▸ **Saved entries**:

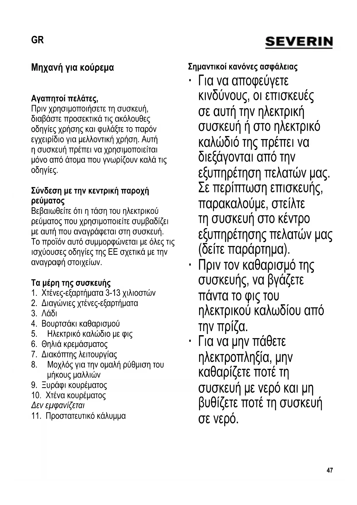 καλωδίου από την πρίζα, μετά τη χρήση και επίσης - σε περίπτωση βλάβης, και - κατά τον καθαρισμό. ∙ Όταν βγάζετε το φις του ηλεκτρικού καλωδίου από την πρίζα, ποτέ μην τραβάτε το ηλεκτρικό καλώδιο. Να πιάνετε πάντα το ίδιο το φις. ∙ Προσοχή! Το ξυράφι κουρέματος είναι πολύ αιχμηρό. Προκειμένου να αποφύγετε την πρόκληση τραυματισμού, να φροντίζετε πάντα το ξυράφι να μην ακουμπά στο δέρμα κατά
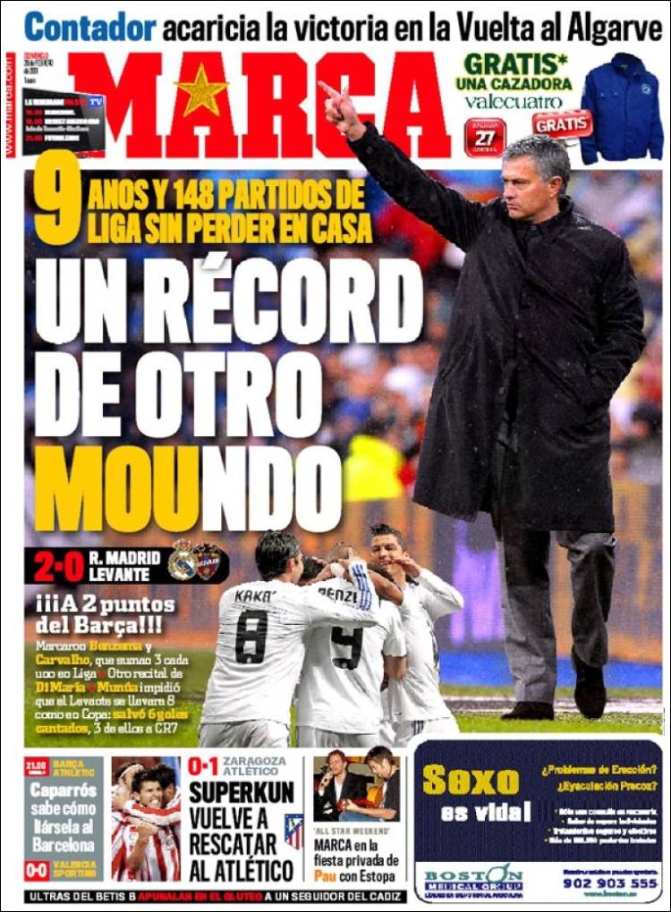 MARCA MOURINHO /Marca, quotidiano sportivo vicino al Real Madrid, apre quest’oggi la sua edizione con una foto notizia dedicata al suao allenatore Josè Mourinho, che oggi ha battuto ancora un record: l’allenatore portoghese infatti non perde da 9 anni in casa, per intenderci da quando allenava il Porto.
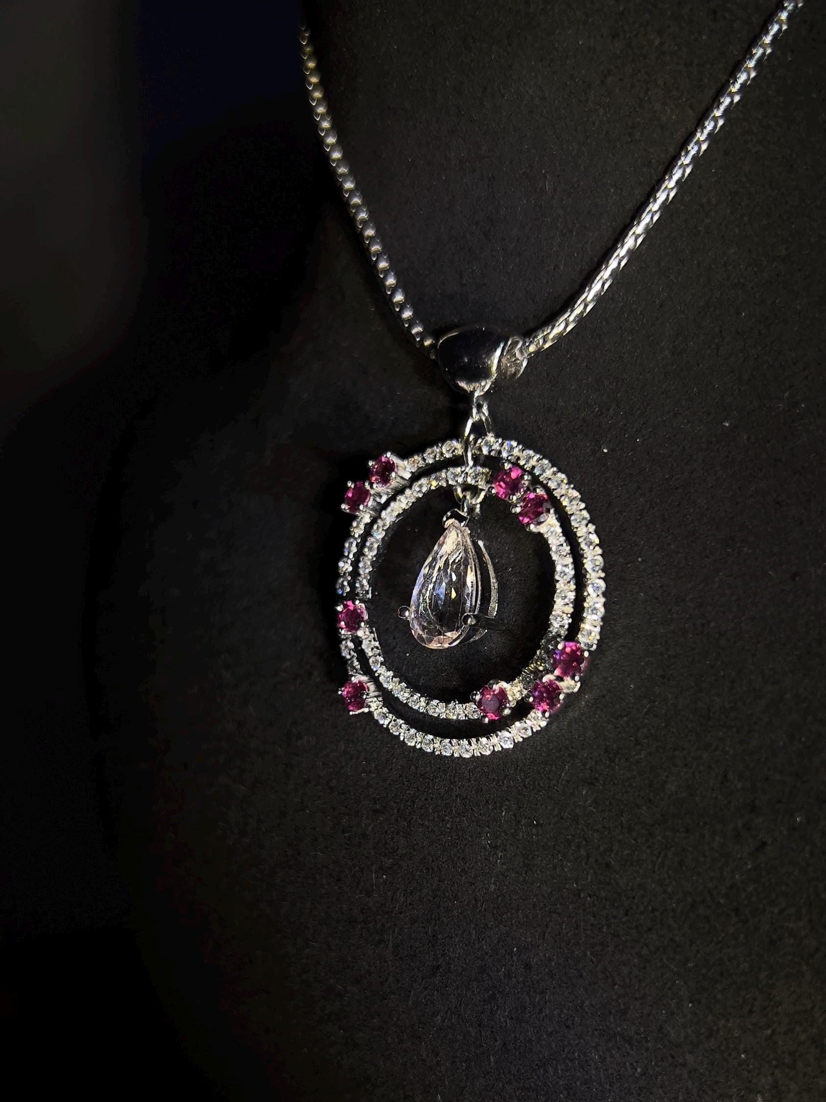 Natural Morganite and Rhodolite Garnet Pendant Necklace with Sapphires
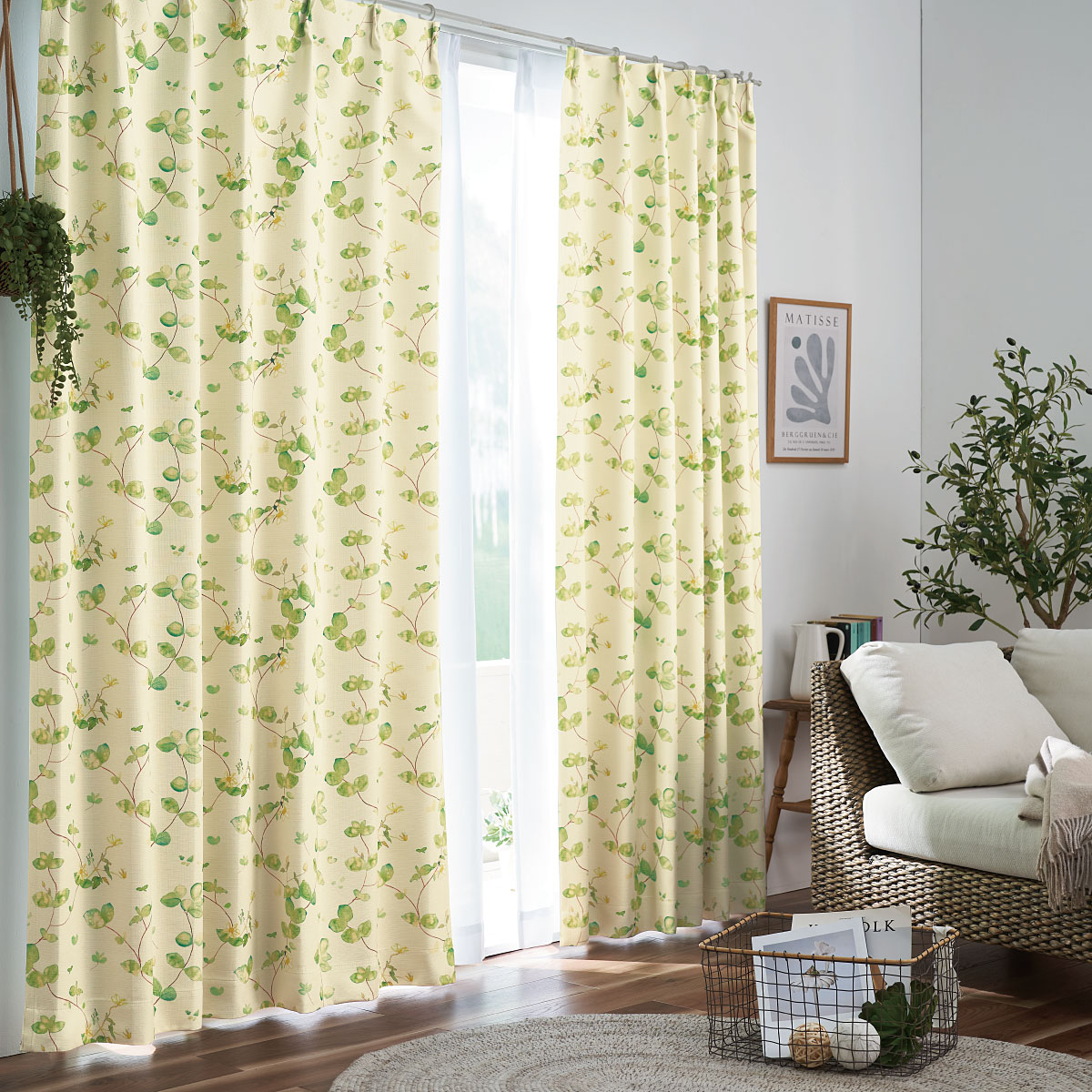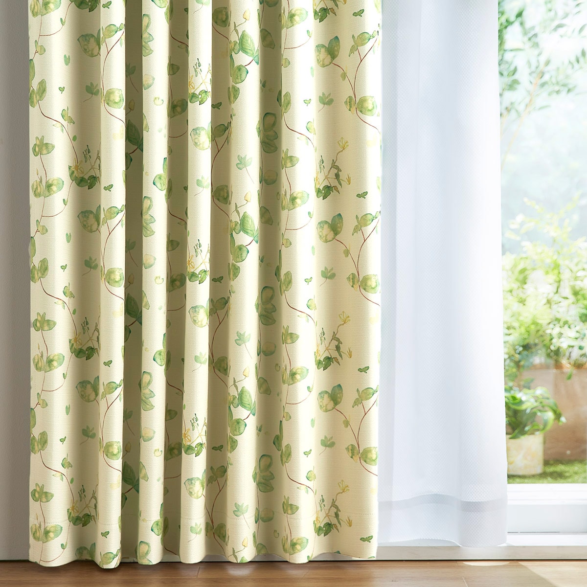グリーン系ナチュラル感あふれる水彩リーフ柄が美しい、1級遮光カーテンです。
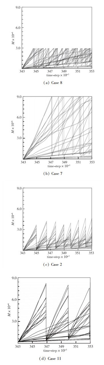 图 7(a)对应的是加速比最低的算例8(Rt=2.73)的表删除/增长行为, 可以发现由于该算例单表容量过小(Msin=3×106, 见表 1), 即使总表容量很大(Mtot=72×106), 每个数据表还是很容易增长到单表容量上限, 因此使得数据表的删除变得频繁; 另外, 由于每个表增长快慢也不相同, 因此表的删除也不同步.这种频繁和非同步删除数据表的行为导致了最低的加速比. 图 7(b)和(c)分别对应了两种中等加速比的算例7和算例2(Rt=3.08和3.39).在图 7(b)中, 算例7单表容量和总表容量都很大(Msin=9×106, Mtot=126×106), 尤其是后者, 因此表的删除/增长行为主要受单表容量控制, 因此较大的单表容量使得数据表的删除频率明显下降, 这是导致算例7比算例8加速比提高的主要原因, 但由于表增长快慢的不同, 删表并不同步, 因此其加速比提高得并不显著. 图 7(c)代表了与图 7(b)相反的另一种情况, 由于此时总表容量下降至Mtot=36×106, 因此, 数据表的删除主要受总表容量控制, 当数据表尺寸的总和达到总表容量时, 所有数据表都被删除, 这意味着表删除的同步性得到增强, 但由于总表容量小, 表删除仍过于频繁, 因此该算例的加速比提高得也不显著. 图 7(d)的表删除/增长行为代表了计算加速比最好的情况, 即较大的单表容量(Msin=12×106)和适当的总表容量(Mtot=72×106)保证了较低的删表频率和较强的同步性, 因此化学加速比达到最大.
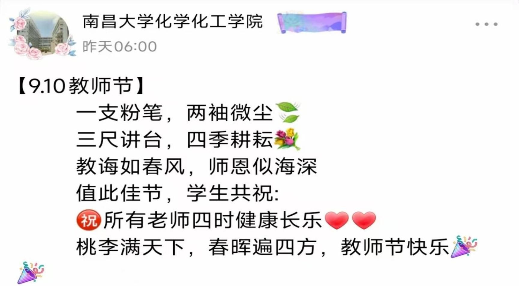 与此同时,化学化工学院官网也焕然一新,挂上了精美的教师节海报。海报上,中央“老师您辛苦了”六个大字遒劲有力、直击人心,搭配上温馨的图案,既彰显了学子对恩师的深切感激,也传递出学院对教师群体的高度尊崇。这一海报不仅在官网上展示,还通过学院的社交媒体平台进行广泛传播,让更多的人感受到了化学化工学院尊师重教的良好氛围。
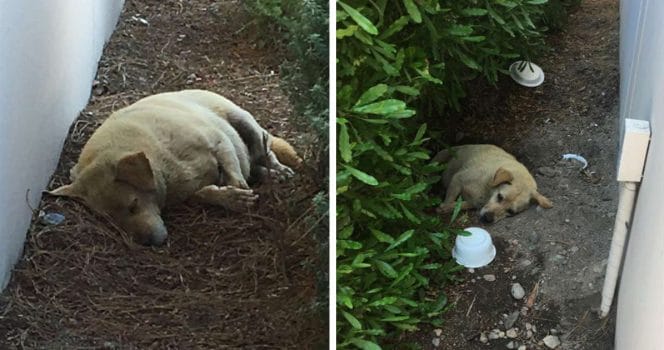 Volontärerna upptäckte då att hundens mage var alldeles uppsvälld, trots att han inte hade haft regelbunden tillgång till varken mat eller vatten. Larry hade även stora sår i pälsen och kunde inte gå ordentligt. Han var rädd och i väldigt dåligt skick.
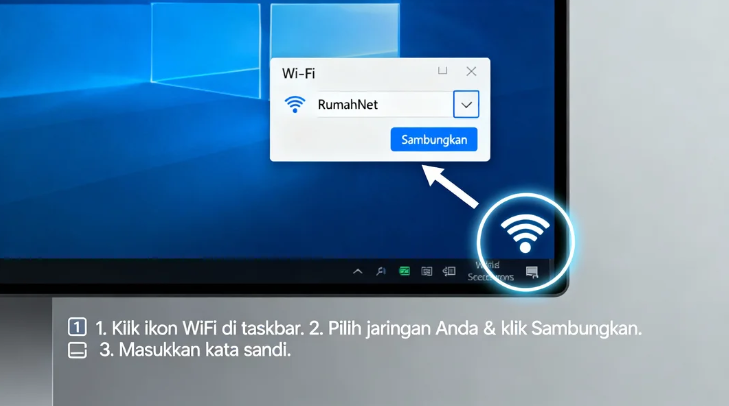 Menyambungkan WiFi ke komputer adalah proses menghubungkan perangkat komputer atau laptop ke jaringan internet nirkabel (wireless) menggunakan sinyal WiFi dari router atau hotspot.
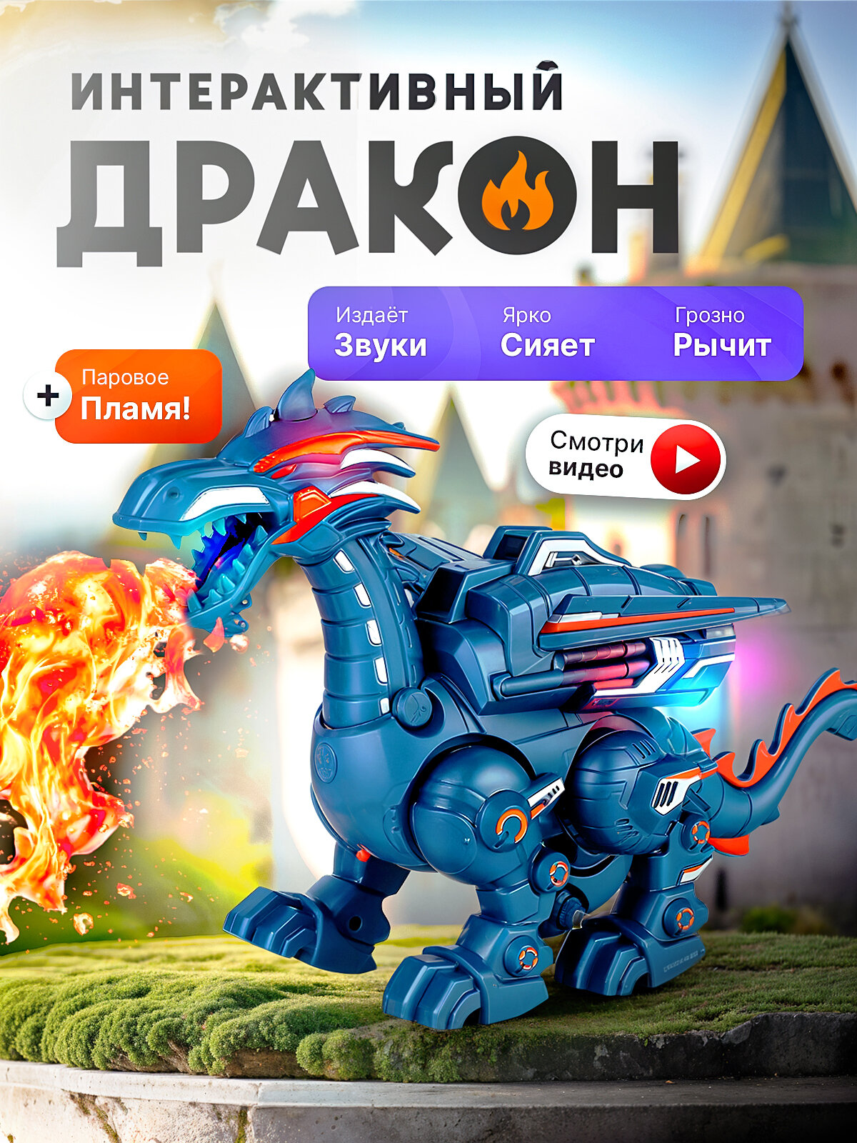 Купить Интерактивный дракон, игрушка для детей робот динозавр со светом, звуком и паром - SHARKTOYS
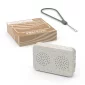 Don't be fooled by the tiny size, this speaker has punch! Measuring less than an inch thick and featuring a convenient strap, this Bluetooth speaker is ready to go anywhere. Presto Eco is a pocket sized portable speaker that uses less new plastic than the original Presto. Presto Eco is made from a blend of materials including post consumer recycled plastic, wheat straw and cork. Packaged in a gift box with options for customization. A tree is planter with every order placed. 2.875" L x 2" H x 0.75" W
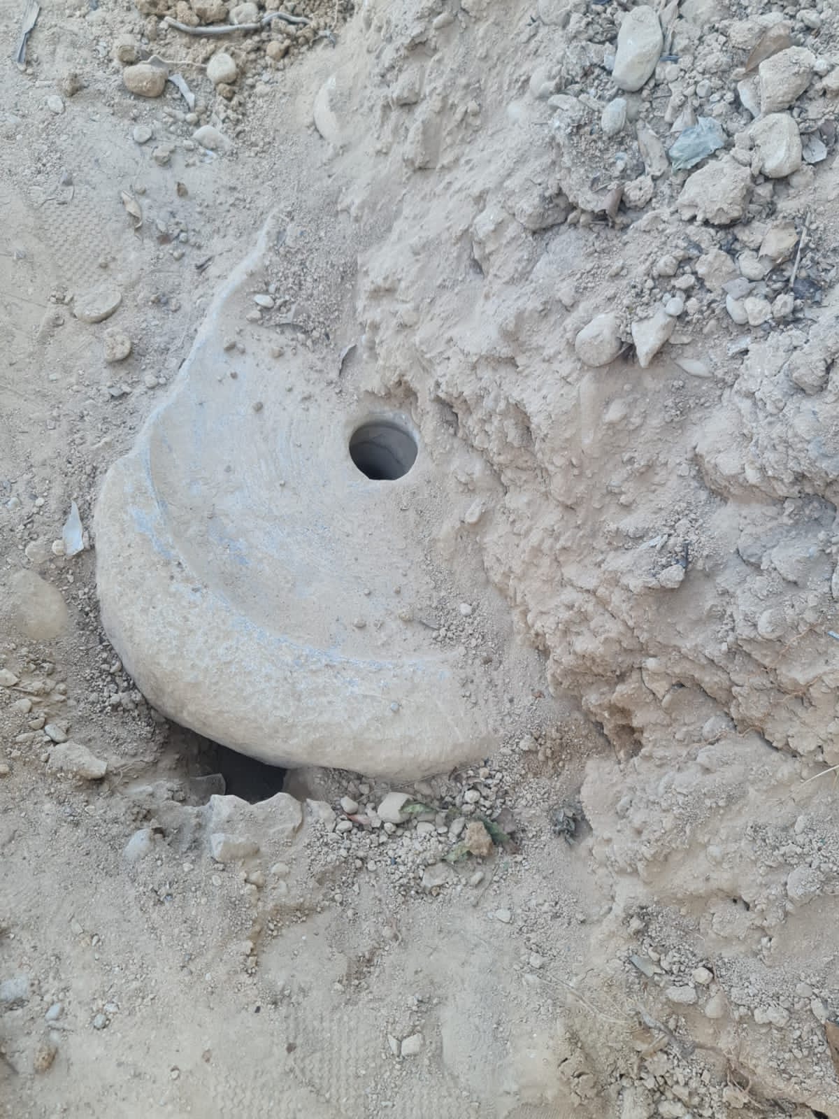 أثناء عملية الحفر ظهرت صخرة الرحى في حارة حجرة الشيخ بولاية وادي المعاول بمحافظة جنوب الباطنة.

▸ **Directions**: Set the pictures aside and transcribe exactly the stretch of lines above, beginning with the one holding "Volontärerna upptäckte då" and ending with the one holding "Купить Интерактивный дракон, игрушка".

▸ **The answer**:
 Volontärerna upptäckte då att hundens mage var alldeles uppsvälld, trots att han inte hade haft regelbunden tillgång till varken mat eller vatten. Larry hade även stora sår i pälsen och kunde inte gå ordentligt. Han var rädd och i väldigt dåligt skick.
 Menyambungkan WiFi ke komputer adalah proses menghubungkan perangkat komputer atau laptop ke jaringan internet nirkabel (wireless) menggunakan sinyal WiFi dari router atau hotspot.
 Купить Интерактивный дракон, игрушка для детей робот динозавр со светом, звуком и паром - SHARKTOYS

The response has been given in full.